C’est une industrie, après tout.
Mais ce n’est pas que ça.
Ce sont aussi des critiques et des gardiens de l’histoire du jeu vidéo qui se gargarisent de savoir, d’identifier correctement les références, de faire partie de la boucle ; c’est une presse mobilisée pour faire autorité, à nouveau, lorsque ces mêmes références ont besoin d’être explicitées; ce sont des parents qui transmettent ces histoires à leurs enfants, comme un rite
de passage,
un passé éternel,
un fardeau de consommation et
d’héritage.
Et tant pis si l’enfant préfère jouer avec ses jeux de son époque, avec ses propres héroïnes, plutôt qu’apprendre qu’il y a vingt ans on chassait des singes avec un filet et on trouvait ça marrant. Tu sauras qui est Psycho Mantis, ma fille.
C’est notre culture,
c’est notre identité,
c’est notre enfance,
et c’est bientôt la tienne également.
C’est comme ça que nous avons toujours joué.
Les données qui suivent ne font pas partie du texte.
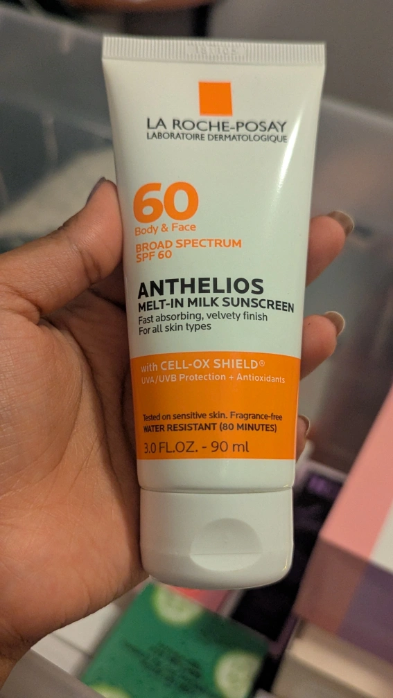 Selling a La Roche-Posay Anthelios Melt-In Milk Sunscreen with SPF 60! It's broad spectrum and designed for both body and face. It's fast-absorbing, has a velvety finish, and is suitable for all skin types. Also, it's water-resistant for up to 80 minutes and fragrance-free

La douche froide ne vaut pas le coup.
IV.
Pour le boss final du jeu, toute la flotte spatiale est composée d’artefacts et d’objets estampillés PlayStation utilisés comme autant de vaisseaux par les robots en costume. Tout y est : carte mémoire, vieilles manettes, PlayStation Portable et Vita, microphones SingStar, PlayStation Multitap, périphériques et gadgets curieux – Sony, partout, Sony, pour toujours.
Les objets tirent des lasers ronds, carrés, triangles, croix. La flotte de plastique, de puces électroniques et de personnages putréfiés traversent l’espace pour vaincre un ennemi qu’on croirait créé par une intelligence artificielle, comme tous les autres ennemis du jeu. C’est la dernière séquence du jeu, c’est le futur. C’est le passé.
C’est, pour reprendre les mots de Tevis Thompson, la cristallisation de cette peur que j’ai que « la plupart des joueur·se·s veulent simplement juste rejouer aux mêmes jeux, remixés et vaguement mis à jour, encore et encore, et ce jusqu’à la fin des temps. »
Ou jusqu’à la mise à mort du souvenir sacré.